Most porn workers are not forced to perform in the same way some prostitutes and rape victims are. In fact there is an unfortunate trend in how outsiders speak of the pornography industry, and increasingly how sex workers themselves view the pornography industry.

For instance one Ph.D Professor at the University of Idaho is lobbying for a more progressive view of sex workers saying: “I suggest that the appropriate response lies in advocating for the legitimation and celebration of sex work as a creative occupation that not only provides an important source of income for many persons but can also be personally meaningful and fulfilling.”

Another researcher says, “Arguments range from positioning sex work as empowering, pleasurable work, aligning sex workers with medical caregivers or therapists, to low-status, informal and sometimes exploitative labor, aligning sex workers with the working class.” She goes on to write in detail on the increasing global trend of sex workers forming unions to defend their way of life and social dignity by with the motto, “As Human Beings and As Workers.

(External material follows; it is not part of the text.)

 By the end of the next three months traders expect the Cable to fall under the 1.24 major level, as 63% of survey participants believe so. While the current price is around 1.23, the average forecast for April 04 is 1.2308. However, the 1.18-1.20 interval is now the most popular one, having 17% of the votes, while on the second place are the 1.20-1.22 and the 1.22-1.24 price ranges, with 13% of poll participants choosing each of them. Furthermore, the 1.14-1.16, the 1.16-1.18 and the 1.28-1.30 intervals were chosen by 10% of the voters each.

This is the trend which allows us to find an even more nuanced reality than “pornography is rape.” Unfortunately for many women, pornography is not physical slavery but spiritual slavery. They are fine doing what they are doing because they are unware that what they are doing is sinful and harmful. They are so numb to it that they actually embrace and welcome it. All humans are created in the explicit image of God, and even through the fall this image has not been removed. But heartbreakingly in some circumstances, the moral law of God which has been written even on the hearts of unbelievers (Rom. 2:14-15) has become so marred, tainted and distorted by sin that the pain of sexual sin is actually erased and framed in a positive and welcomed light. 

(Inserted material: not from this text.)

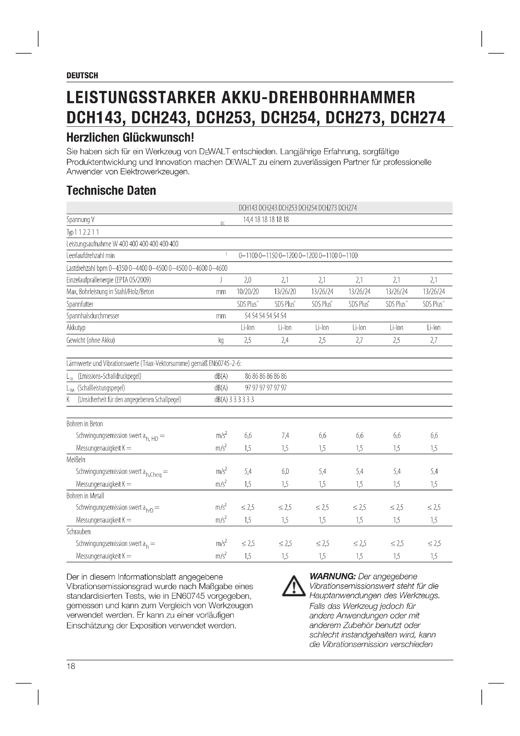 Ihr DCH143, DCH243, DCH253, DCH254, DCH273 und DCH274 Akku-Drehbohrhammer wurden für professionelle Bohr- und Hammerbohranwendungen Vor der Verwendung die Betriebsanleitung lesen. Die Ladezeit ist den Technischen Daten zu entnehmen. Akku wird geladen. Akku ist geladen. Akku ist defekt. Temperaturverzögerung. Nicht mit elektrisch leitenden Gegenständen berühren. Beschädigte Akkus nicht aufladen. Das Gerät keiner Nässe aussetzen. Beschädigte Kabel sofort austauschen. Nur zwischen 4˚C und 40˚C aufladen. Nur in Innenräumen verwenden. Akku umweltgerecht entsorgen. Laden Sie DeWALT -Akkus nur mit den dazu bestimmten DeWALT -Ladegeräten auf. Werden andere Akkus als die dazu bestimmten DeWALT -Akkus mit einem DeWALT -Ladegerät aufgeladen, können diese platzen oder andere gefährliche Situationen verursachen. Den Akku nicht verbrennen. Packungsinhalt Die Packung enthält: 1 Akku-Bohrhammer 1 Seitlicher Handgriff und Tiefenbohrstange 1 Ladegerät 1 Akku (D1, L1, M1, P1)28 Deutsch Mindestquerschnitt beträgt 1mm

Paul implies that your conscience can become “seared” by sin (1 Tim. 4:2). This deadens our spiritual pain receptors so much so that what is normatively wrong and harmful is no longer seen that way. In other words we are acting unlike humans. God’s ultimate plan for sexuality was one woman and one man, in one flesh (marriage) for life. In pornography this is distorted, disregarded, and shared with disconnected people for the sake of money and pleasure. This realization should not only change the way we resist porn, but it should also shape the way we engage the sex industry workers.

Ultimately the greatest hope for these women (and in some cases men) is not only to be rescued from the physical oppression, but to be rescued from spiritual oppression. The physical part is needed, especially in cases where victims are being held and exploited against their working will. But how much more do we need to understand the healing application of the gospel which is needed to undo the porn industry at its core.

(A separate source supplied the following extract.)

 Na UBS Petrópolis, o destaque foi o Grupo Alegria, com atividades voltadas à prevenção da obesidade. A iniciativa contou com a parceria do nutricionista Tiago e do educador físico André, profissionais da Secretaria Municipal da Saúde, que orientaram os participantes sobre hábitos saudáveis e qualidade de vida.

In the same way viewers of porn are blinded to the sickness of it, so are many people who are engaged in the pornography business. “In this case the god of this world has blinded the minds of the unbelievers, to keep them from seeing the light of the gospel of the glory of Christ, who is the image of God…for God, who said, ‘Let light shine out of darkness,’ has shown in our hearts to give the light of the knowledge of the glory of God in the face of Jesus Christ” (2 Cor. 4:4,6). We need to stop viewing porn. We need to cut off the revenue, income and demand. But we also must move forward with evangelism. We must not only free their careers, but attempt to free their hearts. Sustainability in our fight against porn and sex trafficking comes not only from the curbing of the consumer’s desire, but the curbing of the industry’s desire. This can only happen through the gospel.

This issue is not as cut and dried as it may seem. Christendom needs to exercise great care moving forward in this. The level of depravity and distortion which happens at the level of the porn viewer is only myopic compared to the confusion which has grasped the hearts of the porn actors themselves. This effort will take time, care and wisdom. But by the grace of God it can be done.